Traditional recommender systems, which rely on user embeddings, raw IDs, and graph neural networks (GNNs), suffer from high memory consumption, cold-start issues, over-smoothing, and limited generalization. This work proposes AlphaFree, the first recommendation paradigm that operates without user embeddings, raw IDs, or GNNs. AlphaFree leverages a pre-trained language model to map items into semantic representations and integrates online preference inference, similar-item augmentation, and contrastive learning to effectively capture collaborative signals. Evaluated across multiple real-world datasets, AlphaFree substantially outperforms existing approaches, achieving up to a 40% performance gain over non-language baselines and a 5.7% improvement over language-based baselines, while reducing GPU memory usage by as much as 69%.

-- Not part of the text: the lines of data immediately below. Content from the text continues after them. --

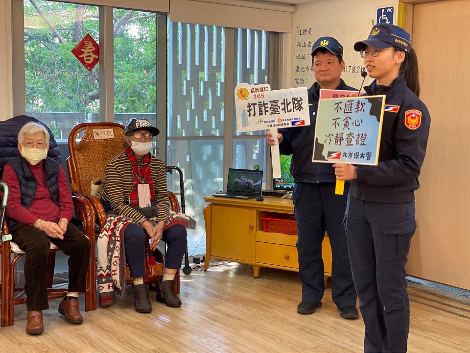 台北市保安警察大隊為避免高齡長者受騙,19日特地聯合「台北市政府社會局」在松山區鵬程里「健順養護中心」向社工師及獨居年長者們,進行「識詐、防詐」犯罪預防宣導,解說現今常見的「假投資」詐騙類型,保護年長者們財產安全!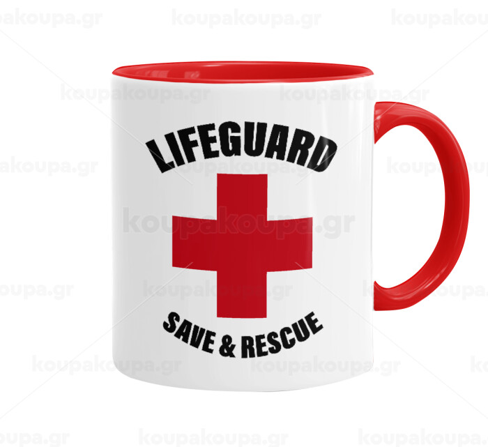 Lifeguard Save & Rescue, Κούπα χρωματιστή κόκκινη, κεραμική, 330ml
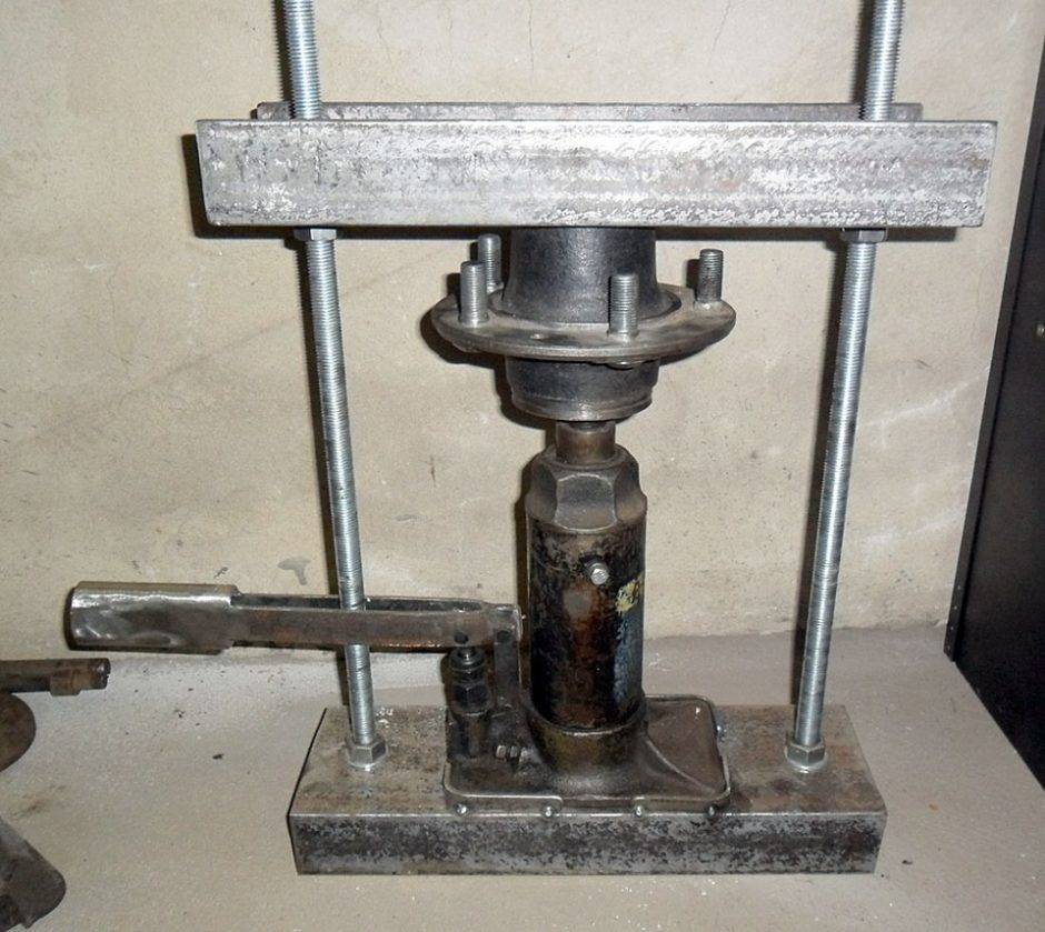 Чаще всего изготавливается самодельный пресс из гидравлического домкрата. Это объясняется конструктивными особенностями изделия и принципом его работы, который основан на законах гидравлики.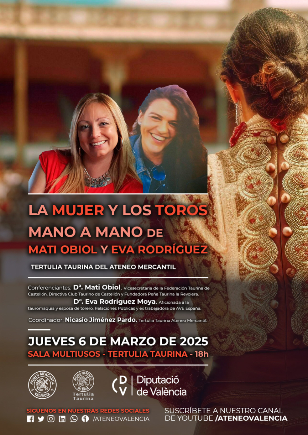 La Tertulia Taurina del Ateneo Mercantil programa la conferencia "La mujer y los toros", con un mano a mano entre dos mujeres profundamente vinculadas al mundo taurino: Mati Obiol y Eva Rodríguez. Serà el jueves, 6 de marzo de 2025 a las seis de la tarde en Sala Multiusos-Tertulia Taurina (7º piso del Ateneo). Con excelente criterio, el acto ha adelantado su hora de comienzo, para que los aficionados que lo deseen, puedan acudir posteriormente a las 19.30 a Tinto y Oro para la presentación del libro "Elrefugio de mis sentimientos" de Julián Maestro. La entrada es libre y gratuita hasta completar aforo. Todas las mujeres que asistan a este encuentro recibirán un detalle taurino como recuerdo de su paso por la Tertulia Taurina del Ateneo. Este evento será una oportunidad única para debatir sobre el papel de la mujer en la tauromaquia, un mundo tradicionalmente dominado por los hombres, pero en el que las mujeres han ido ganando presencia y reconocimiento a lo largo de los años. Desde aficionadas y críticas taurinas hasta ganaderas, apoderadas y toreras, la figura femenina ha sido fundamental en la evolución de la tauromaquia. A través de las experiencias de las invitadas, se abordará cómo ha sido su camino dentro de este ámbito, los desafíos a los que se han enfrentado y el impacto que han tenido en la cultura taurina. La tertulia permitirá conocer más sobre el esfuerzo, la pasión y el compromiso de las mujeres que han luchado por abrirse camino en este arte, reivindicando su espacio y dejando huella en la historia del toreo. Ponentes: …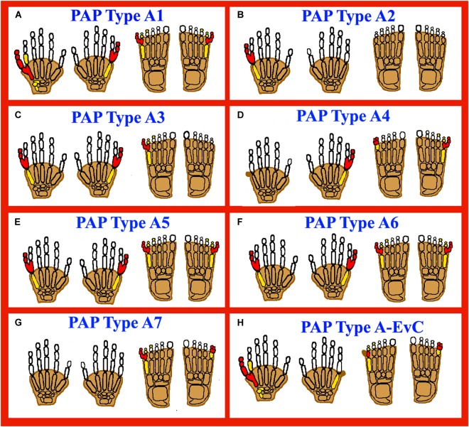 图 2:显示轴后多指畸形 (PAP) 类型 A(PAPA1-PAPA7 和 PAPA 类型 A-EVC)的 autopods 卡通图。红色填充元素表示受影响/多指的手指,黄色填充元素表示发育不良/发育不全的骨骼,阴影手指表示并指畸形。(A)代表 PAPA1,上肢和下肢都有发育良好的多指。(B)代表 PAPA2,多指仅限于上肢。(C) PAPA3,显示上肢和下肢都有发育良好的多指。(D) PAPA4,有发育良好的多指,PAPB 也有报道(皮赘无骨)。(E、F) PAPA5、6:发育良好的多指和脚趾。(G)代表 PAPA7,多指仅限于脚趾。(H)代表 PAP 类型 A-EVC,上肢和下肢均具有 PAP 类型 A 和 PAP 类型 B。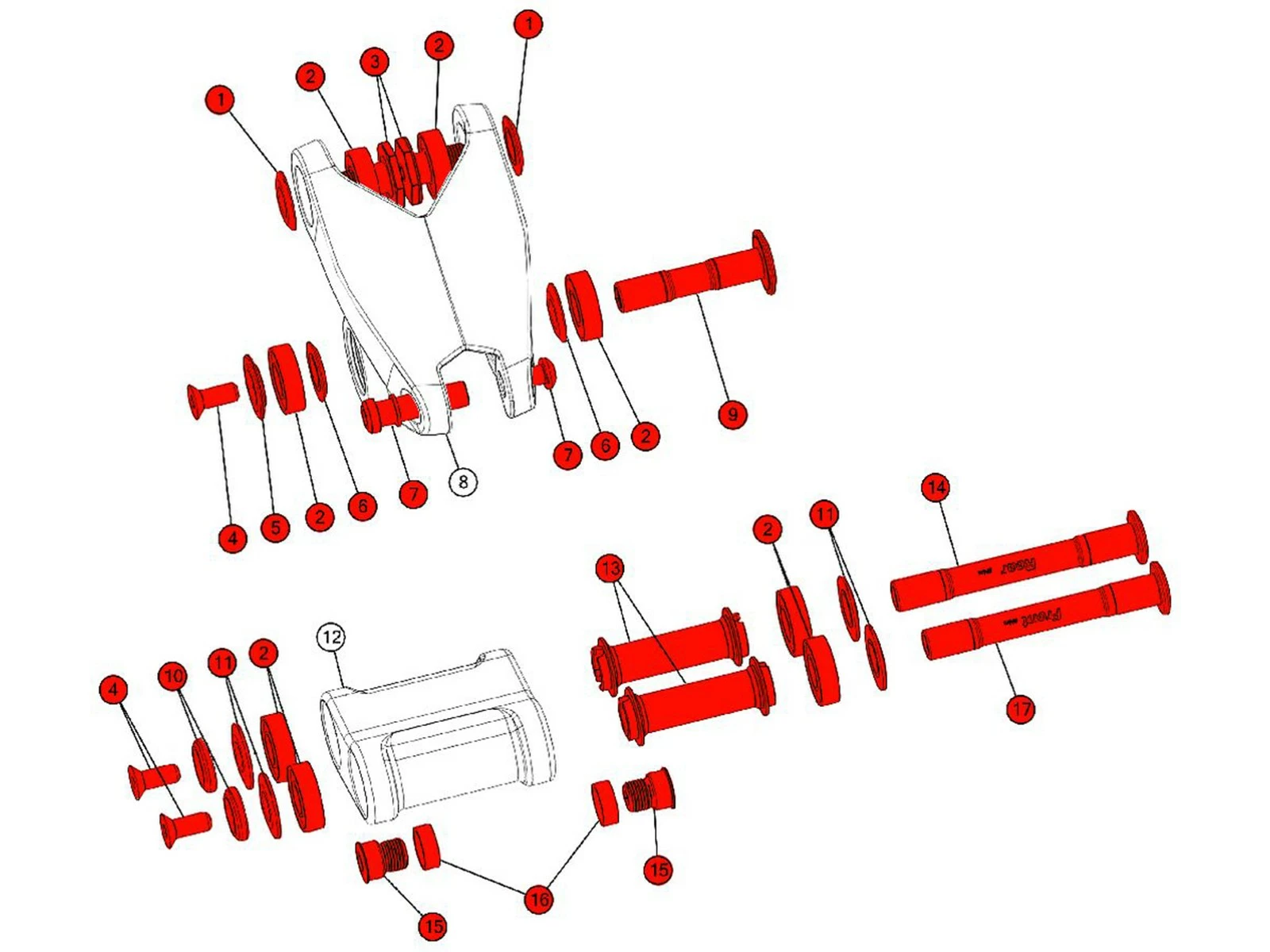 Included in the box : 2 axles, 4 long bolts, 2 axle nuts, 6 bolts, 8 bearing, 2 bushings, 11 spacers, 1 circlip, 2 o rings

Can we design effective recommender systems free from users, IDs, and GNNs? Recommender systems are central to personalized content delivery across domains, with top-K item recommendation being a fundamental task to retrieve the most relevant items from historical interactions. Existing methods rely on entrenched design conventions, often adopted without reconsideration, such as storing per-user embeddings (user-dependent), initializing features from raw IDs (ID-dependent), and employing graph neural networks (GNN-dependent). These dependencies incur several limitations, including high memory costs, cold-start and over-smoothing issues, and poor generalization to unseen interactions. In this work, we propose AlphaFree, a novel recommendation method free from users, IDs, and GNNs. Our main ideas are to infer preferences on-the-fly without user embeddings (user-free), replace raw IDs with language representations (LRs) from pre-trained language models (ID-free), and capture collaborative signals through augmentation with similar items and contrastive learning, without GNNs (GNN-free). Extensive experiments on various real-world datasets show that AlphaFree consistently outperforms its competitors, achieving up to around 40% improvements over non-LR-based methods and up to 5.7% improvements over LR-based methods, while significantly reducing GPU memory usage by up to 69% under high-dimensional LRs.